▸ **Task to complete**:
Your task is to reproduce exactly the lines from the one containing "Cây cọ xoong" through the last line below, both ends included, and nothing else, with no pictures.

▸ **Dataset entries**:
::::::
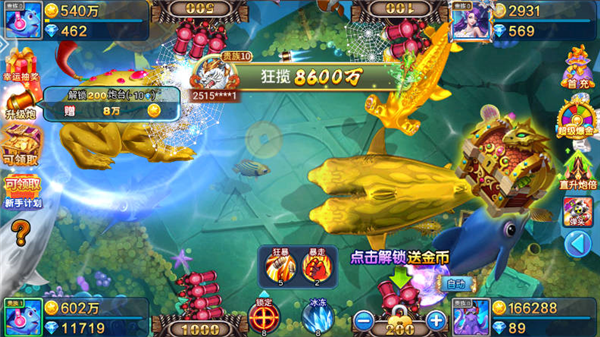 2、每次射击都会消耗金币,而成功捕捉鱼群则能获得可观的奖励,回报丰厚。
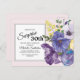 Elegant and botanical purple and yellow watercolor floral on pink surprise 30th birthday party invitation postcard.
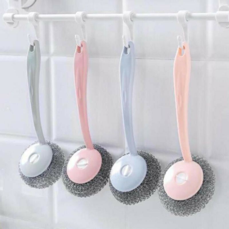 Cây cọ xoong nồi búi sắt có tay cầm tiện lợi-Dụng cụ chà rửa thông minh giúp bạn cọ tẩy nhanh những vết bẩm cứng đầu trên xoong, nồi, chảo mà không cần phải mất quá nhi ều thời gian, không lo hại da tay
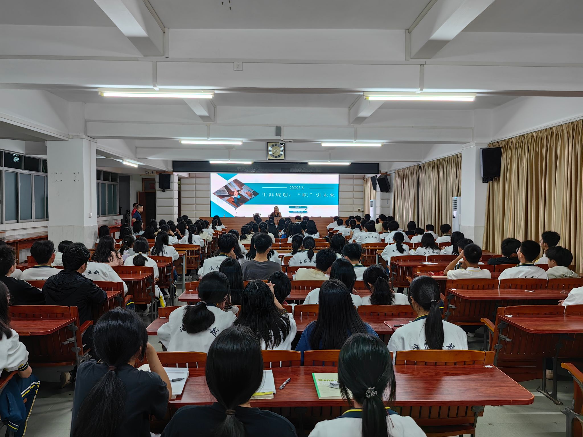 两天的时间里,学院招生小组一行6人,分别走访了茂名市信宜中学、信宜一中、高中中学、高州一中、高州二中、高州四中等多所中学,为每所中学送去关于2023级本科生录取的喜报,同时就学校校史校情、师资力量、办学特色以及计算机学院的专业设置、毕业生就业情况等展开交流。为引导高中生生涯规划意识的觉醒,招生员田盛兰为信宜中学高三年级的同学们送去课程《生涯规划,“职”引未来》,在场同学聚精会神、认真聆听。
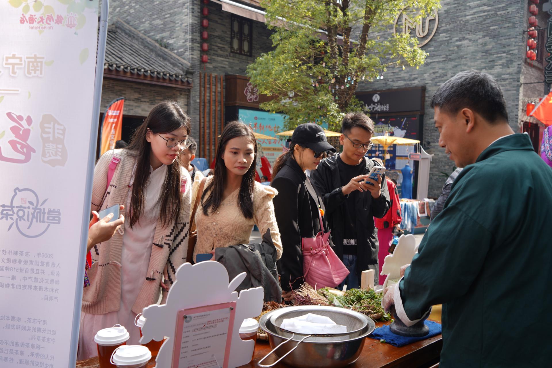 “這個品種的花叫什么,有什么功效?”“五花茶煲煮需要幾個小時?”“這款竹蔗馬蹄水茶喝起來非常的甘甜”……作為本次參加“非遺”項目特色展覽的唯一飲品類產品,銀河大酒店“邕城涼茶”一經展出就受到三街兩巷往來市民游客的關注。明目清肝茶、甘蔗馬蹄水、生沖雷公根、 潤肺止咳茶、五花茶……在陳列攤點上,銀河大酒店展示的口味豐富的涼茶產品讓人目不暇接,而“邕城涼茶制作技藝”傳承人——銀河大酒店餐廳經理黃沖,則用道地的“南寧白話”招呼往來的市民游客,生動講解“邕城涼茶”的各類功效,共同探尋“邕城涼茶”近50年的發展歷史和申遺歷程,開啟一段“沉浸式”涼茶時光穿梭之旅。
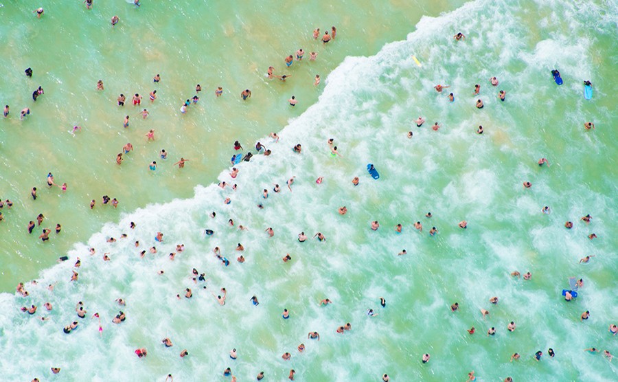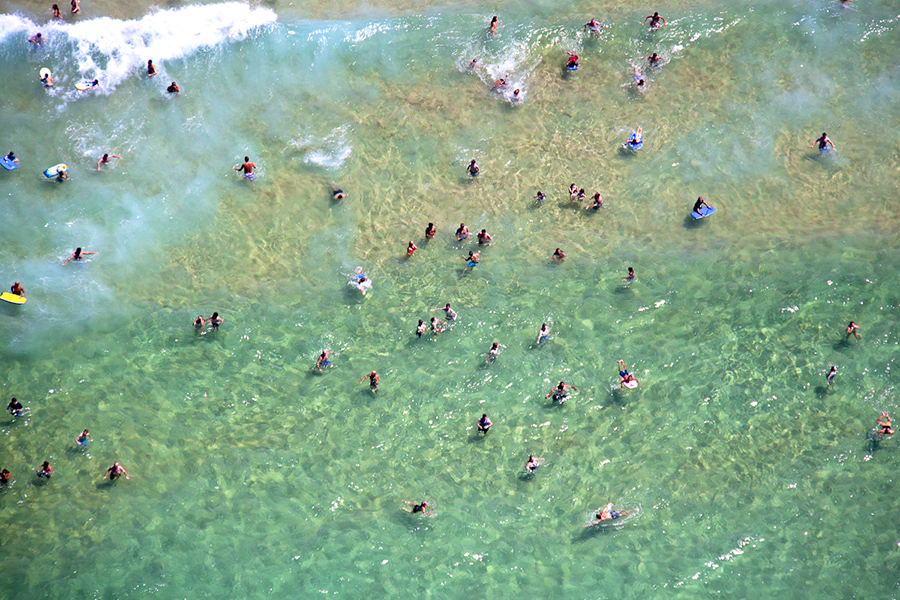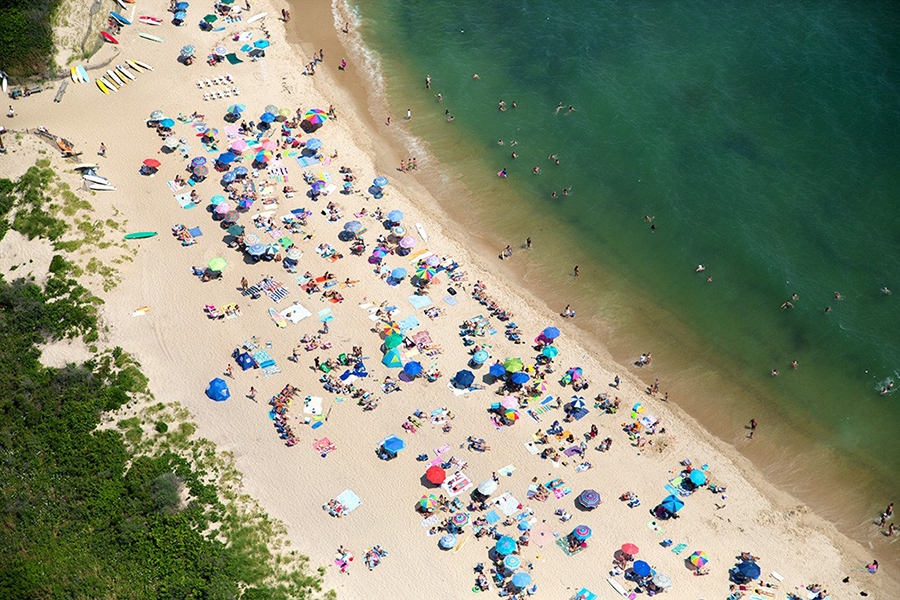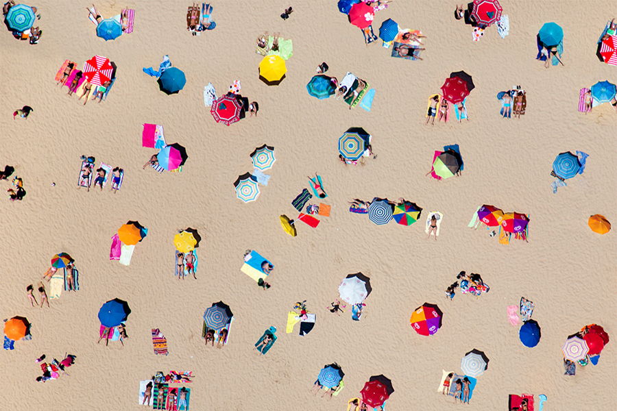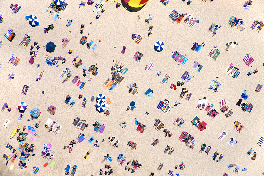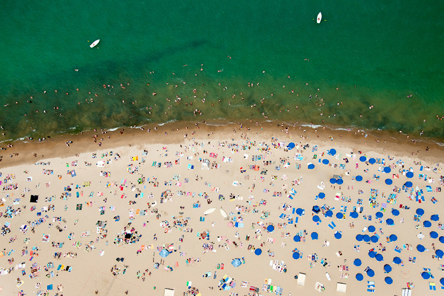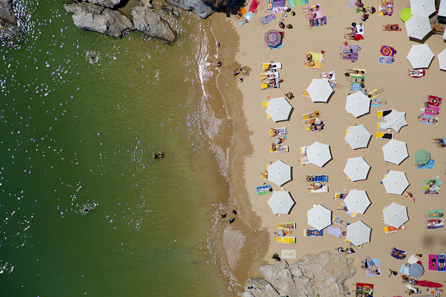 Gray Malin helikopterből készült felvételein a világ legszebb partjain fürdőző embereket örökítette meg.
::::::
▸ **Answer section**:
 Cây cọ xoong nồi búi sắt có tay cầm tiện lợi-Dụng cụ chà rửa thông minh giúp bạn cọ tẩy nhanh những vết bẩm cứng đầu trên xoong, nồi, chảo mà không cần phải mất quá nhi ều thời gian, không lo hại da tay
 两天的时间里,学院招生小组一行6人,分别走访了茂名市信宜中学、信宜一中、高中中学、高州一中、高州二中、高州四中等多所中学,为每所中学送去关于2023级本科生录取的喜报,同时就学校校史校情、师资力量、办学特色以及计算机学院的专业设置、毕业生就业情况等展开交流。为引导高中生生涯规划意识的觉醒,招生员田盛兰为信宜中学高三年级的同学们送去课程《生涯规划,“职”引未来》,在场同学聚精会神、认真聆听。
 “這個品種的花叫什么,有什么功效?”“五花茶煲煮需要幾個小時?”“這款竹蔗馬蹄水茶喝起來非常的甘甜”……作為本次參加“非遺”項目特色展覽的唯一飲品類產品,銀河大酒店“邕城涼茶”一經展出就受到三街兩巷往來市民游客的關注。明目清肝茶、甘蔗馬蹄水、生沖雷公根、 潤肺止咳茶、五花茶……在陳列攤點上,銀河大酒店展示的口味豐富的涼茶產品讓人目不暇接,而“邕城涼茶制作技藝”傳承人——銀河大酒店餐廳經理黃沖,則用道地的“南寧白話”招呼往來的市民游客,生動講解“邕城涼茶”的各類功效,共同探尋“邕城涼茶”近50年的發展歷史和申遺歷程,開啟一段“沉浸式”涼茶時光穿梭之旅。
 Gray Malin helikopterből készült felvételein a világ legszebb partjain fürdőző embereket örökítette meg.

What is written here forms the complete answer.